Pourquoi Bookshop.org n'est pas le sauveur dont le monde du livre a besoin


Lorsque Bookshop.org est arrivé au Royaume-Uni le 2 novembre, l'annonce a été accueillie par un énorme enthousiasme public de la part des librairies, des éditeurs, des auteurs, des critiques littéraires et des lecteurs. «C'est révolutionnaire», lisez un Gardien titre, tandis que les auteurs incluant Margaret Atwood, Richard Osman et Caitlin Moran ont ordonné à leurs abonnés Twitter d'acheter leurs derniers livres sur le site.

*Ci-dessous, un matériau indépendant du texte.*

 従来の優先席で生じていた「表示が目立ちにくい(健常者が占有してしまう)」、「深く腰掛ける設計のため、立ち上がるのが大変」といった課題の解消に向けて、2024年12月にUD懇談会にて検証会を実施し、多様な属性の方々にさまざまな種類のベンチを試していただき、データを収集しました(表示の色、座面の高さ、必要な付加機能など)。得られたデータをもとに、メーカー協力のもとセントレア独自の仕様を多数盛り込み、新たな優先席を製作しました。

Pour beaucoup, c'était une initiative bienvenue – enfin, il semblait qu'il s'agissait d'une plate-forme efficace, à des prix compétitifs, dédiée au soutien des librairies indépendantes.

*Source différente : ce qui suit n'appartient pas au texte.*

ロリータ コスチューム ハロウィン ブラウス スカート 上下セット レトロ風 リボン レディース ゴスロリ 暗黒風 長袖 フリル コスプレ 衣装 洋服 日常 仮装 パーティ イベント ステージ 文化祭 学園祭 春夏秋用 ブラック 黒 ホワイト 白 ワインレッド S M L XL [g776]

Mais un certain nombre de libraires et d'éditeurs indépendants sont de plus en plus sceptiques à l'égard de Bookshop.org. "Ce qui reste dans la gorge, c'est que cela ne semble pas être ce qu'il prétend être", a déclaré James Daunt, fondateur de la chaîne de livres indépendante Daunt Books et directeur général du libraire de rue Waterstones. "Mais ils en font juste assez pour que cela paraisse crédible et c'est une très belle histoire: qui n'aime pas une histoire anti-Amazon?"

Tamsin Rosewell, un libraire chez Kenilworth Books, Warwickshire, a déclaré que Bookshop.org «s'est écrasé comme un mastodonte et semble tenter d'homogénéiser toutes les librairies indépendantes en une seule présence en ligne». Son lancement, a-t-elle dit, était «arrogant et maladroit».

Bookshop.org, qui a été lancé aux États-Unis au début de 2020, est «une librairie en ligne ayant pour mission de soutenir financièrement les librairies locales indépendantes», indique son site Web. Il vise à rivaliser avec Amazon, une société qui n'a payé que 293 millions de livres sterling d'impôts au Royaume-Uni l'année dernière, malgré des ventes de 13,73 milliards de livres sterling, qui a été accusée d'avoir des conditions de travail dangereuses et de mettre les librairies indépendantes à la faillite.

Bookshop.org fonctionne en permettant aux librairies indépendantes de créer leurs propres vitrines virtuelles sur leur site. Les librairies reçoivent 30% du prix de la couverture d’un livre pour chaque vente effectuée sur leur vitrine. Si un client achète un livre sans passer par une boutique spécifique, 10% du prix de couverture de ce livre est placé dans un pot central réparti entre tous les magasins participants. Les livres sont achetés et expédiés par Gardners, le plus grand grossiste de livres du Royaume-Uni. Les titres sont proposés à un petit prix – 7%, généralement encore plus cher sur Amazon – et sont livrés dans un délai de deux à trois jours.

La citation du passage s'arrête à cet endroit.